Children of foreign workers
Children of foreign workersFlash 90

Several Jews, some of them Israelis, were among the winners at the 2011 Academy Awards ceremony in America. Israeli-American actress Natalie Portman, 29, won the Best Actress award for her performance in the movie Black Swan.

Portman also has declared a Zionistic endorsement of Hadassah Hospital, where she was born.



The movie The King's Speech won several prizes. Among the recipients were Emile Sherman, one of the producers, and writer David Seidler. Both Sherman and Seidler are Jewish.

Director and writer Susanne Bier won for her foreign-language film “In a Better World.” Bier is Jewish, and studied at the Betzalel Academy and Hebrew University in Jerusalem.

A documentary on a school in Tel Aviv, titled Strangers No More, also won a prize. The film focused on the Bialik-Rogozin School, where many students are the children of illegal foreign entrants to Israel.

Filmmakers Kirk Simon and Karen Goodman focused on children who fled “poverty, political adversity, and even genocide,” and noted their fears of deportation. In fact, almost all  foreign children born to illegal immigrants in Israel are born to parents who entered the country seeking work, and not fleeing genocide.

The government has granted several thousand migrants who were found to be fleeing genocide in Sudan permission to remain in the country. In addition, two out of three children of illegal entrants will be allowed to stay, while only those who arrived in Israel after the age of 13 or have lived in the country for less than five years will be told to leave.

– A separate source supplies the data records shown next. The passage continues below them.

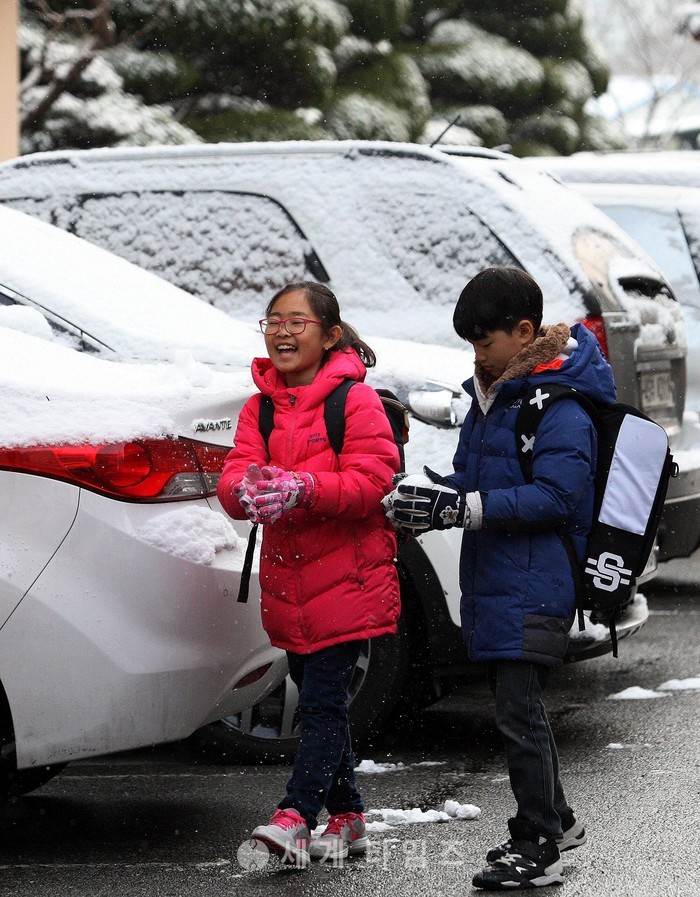 강한 바람과 함께 눈이 내리며 꽃샘추위가 기승을 부리고 있는 7일 오전 광주 광산구 한 아파트 주차장에서 등굣길에 오른 초등학생들이 눈을 만지며 즐거워 하고 있다. 2017.03.07.
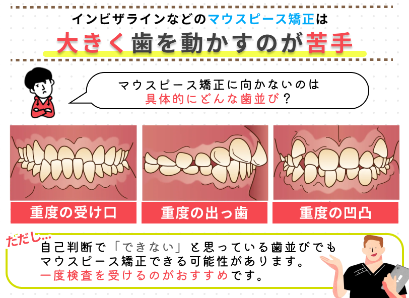インビザラインは幅広い症例に対応できる矯正方法ですが、歯並びや口の状態によっては適さないケースもあります。
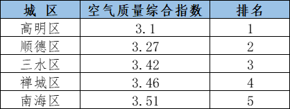 2022年12月,佛山市二氧化硫(SO2)、二氧化氮(NO2)、可吸入颗粒物(PM10)、细颗粒物(PM2.5)平均浓度分别为7、33、44、27微克/立方米,一氧化碳(CO)日平均浓度的第95百分位数为0.8毫克/立方米,臭氧日最大8小时滑动平均(O3-8h)浓度的第90百分位数为96微克/立方米。按照空气质量指数(AQI)评价,全市优良天数占整月有效天数的100%。
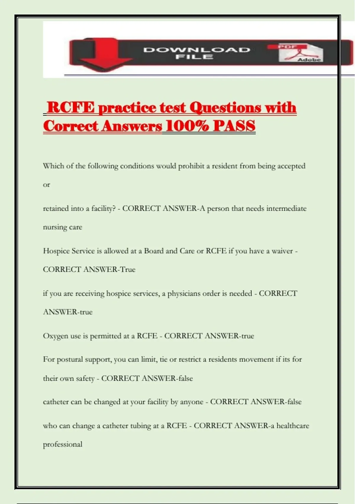 RCFE practice test Questions with
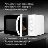 Для приготовления различных блюд, в том числе с хрустящей корочкой, разморозки и разогрева продуктов может использоваться отдельно стоящая микроволновая печь Hyundai HYM-M2067 мощностью 700 Вт. Объем камеры равен 20 л. Представлено механическое управление. Камера имеет термостойкое эмалированное покрытие, простое и удобное в уходе. Дверца открывается с помощью ручки. Конструкцией предусмотрены прочные ножки, которые обеспечивают устойчивость печи на рабочей поверхности. Настройки выполнения операций можно контролировать на лицевой панели устройства.

However, media outlets continue to focus on the children facing deportation, in what Interior Minister Eli Yishai has condemned as “cynical use of these children for the purpose of their own ratings.” Filmmaker Kirk Simon has admitted that his goal in shooting the film was, in part, to affect Israeli policy, and has said that he hopes the award “will help bring needed attention to the issue of helping to keep the children of immigrant workers in Israel... These children should be able to stay and be educated at the Bialik-Rogozin School.”

Sources close to Yishai said Tuesday that the students who face deportation along with their parents – an estimated 25 percent of the Bialik-Rogozin student body – will be required to leave, as the United States and other countries do to illegal immigrants,  despite the movie.